Utilize the efficiency tools and reports that can be generated by the EHR system. Many EHR systems include tools that allow practices to monitor the status of patient wait times, identify problem areas in patient flow, and generate time study reports. Though specific options vary by vendor, these tools can help the practice identify, and ultimately correct, flow and efficiency issues.
Develop an efficient process to code and post exams, tests, and procedures into the financial system. With most EHR systems, exams can be coded by the EHR, and the charges for the exam (along with charges for other services) can be electronically posted to the patient’s ledger (may vary by software system). However, there is often more than one way to use the EHR’s coding and posting tools. For example, the clinical team can code and the check-out team can post, instead of the clinical team performing both functions. Consider the clinical team’s comfort coding exams and adding modifiers when identifying what works for the practice.
Develop process to transfer data from existing paper charts to electronic health records. Many practices tend toward one extreme or the other when considering the transfer of paper chart data, choosing to transfer everything from the paper record—or nothing at all. Consider trying to find a middle ground, working with the physician(s) to determine what data should be scanned or pre-loaded (entered into data fields) to promote efficiency. Routing the paper chart with the patient on the first few electronically documented visits can help providers identify necessary data to be scanned/in-put. Remember that scanned documents are just images, whereas preloaded data can be modified or used in reports, letters, graphs, etc. If the practice decides to scan documents into electronic records, consider the speed and functionality of the current office scanner. It may be worth investing in a high-speed, duplex scanner with a multipage feed option. Additionally, give careful consideration to the resolution of the scanned documents. Providers and staff will need a high enough resolution to ensure the data will be legible, but not so high that the files are unnecessarily large, requiring extensive electronic storage capacity.
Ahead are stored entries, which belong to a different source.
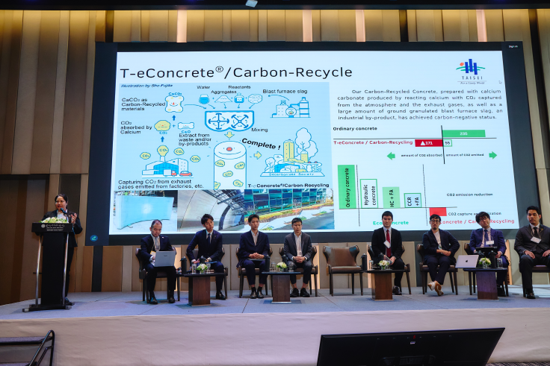 Taisei introduced its initiative to achieve “Zero Carbon Buildings” by using CCN technology to capture carbon from factory exhaust gases and reuse it as concrete materials. Construction using zero-carbon concrete has already commenced in Japan and Thailand, realizing CO₂ reduction throughout the entire building lifecycle. Additionally, the company contributes to solving agricultural waste issues and reducing PM2.5 by utilizing rye husks and biochar. Furthermore, the company supports customers' decarbonization efforts through its Carbon Neutrality Diagnostic Service, proposing a sustainable future for construction.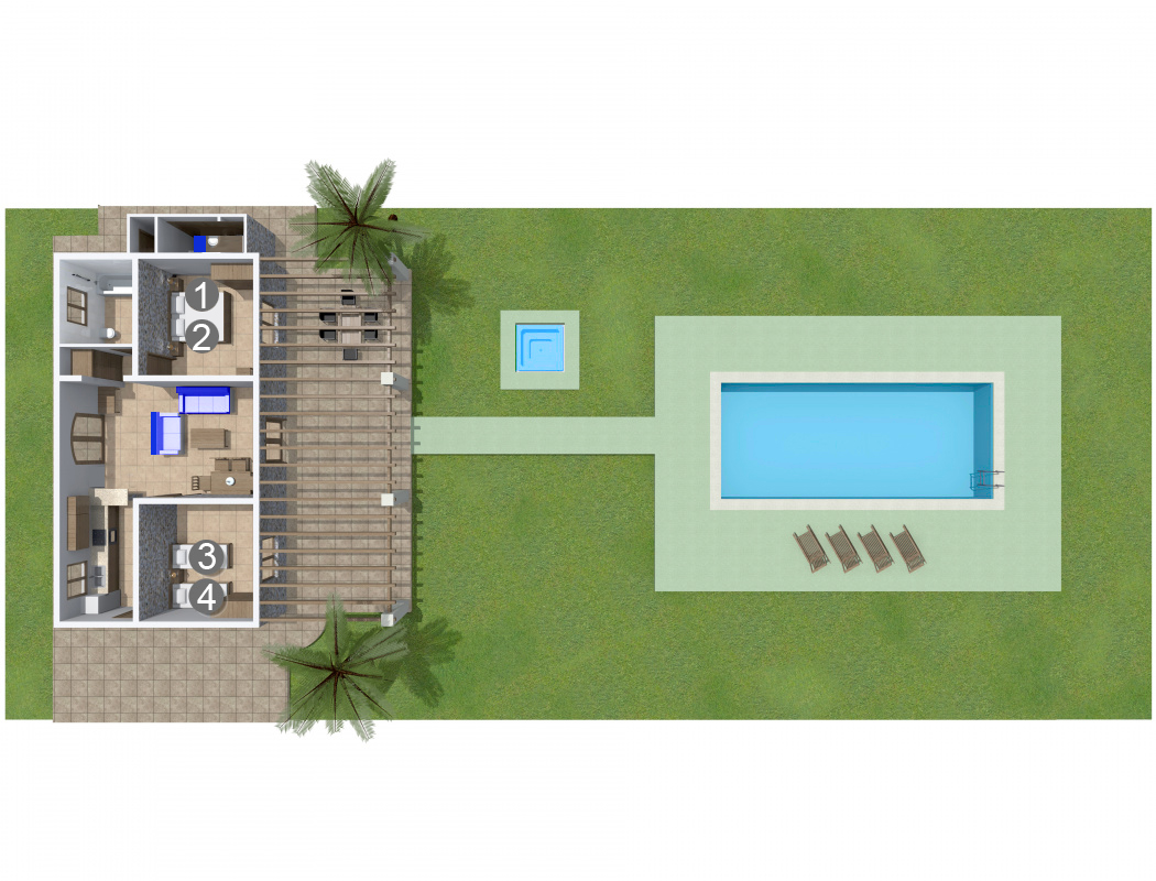 Klimaanlage, Sat-TV, Internet, 2 Safes, elektrischer Ventilator, Waschmaschine, Holzkohlegrill, überdachte Terrasse und vieles mehr.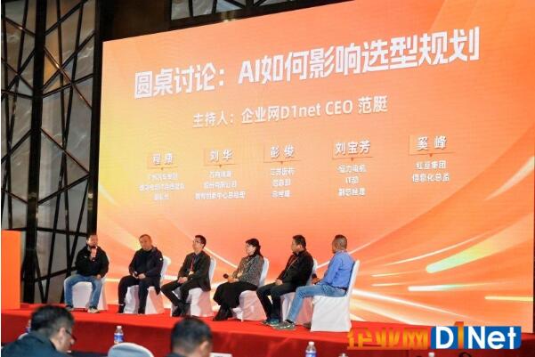 嘉賓分享之后,以“AI如何影響選型規劃”為主題的圓桌討論正式開始。討論由企業網D1net CEO范脡主持,國機集團、廣州汽車集團、江蘇醫藥、恒力電機、紅豆集團等企業的信息部高管參與了討論。

Discuss efficiency issues with other practices. If the practice is struggling with efficient processes, it may be beneficial to talk to (or visit) other practices that are using the same EHR software. Remember that what works for one practice may not work for another, but exposure to different adaptation methods and processes may help correct various issues.
After implementation, focus on restoring office and provider productivity. Reaching pre-implementation productivity levels can be challenging within a few months of the transition. If the practice is struggling to reach a specific threshold, this may indicate the need for a scribe, additional staff training on EHR use, re-engineering of additional processes, modifications to the exam templates, the addition of data entry terminals, or a more general scheduling issue.
Practice administrators play an integral role in helping their practices with the transition into EHR systems. Teams can focus on how the practice utilizes the EHR system, and changes can be made to increase the office’s flow and efficiency. By analyzing the changes that need to be made and implementing new protocols, the clinical experience for the patient, provider, and staff can be improved.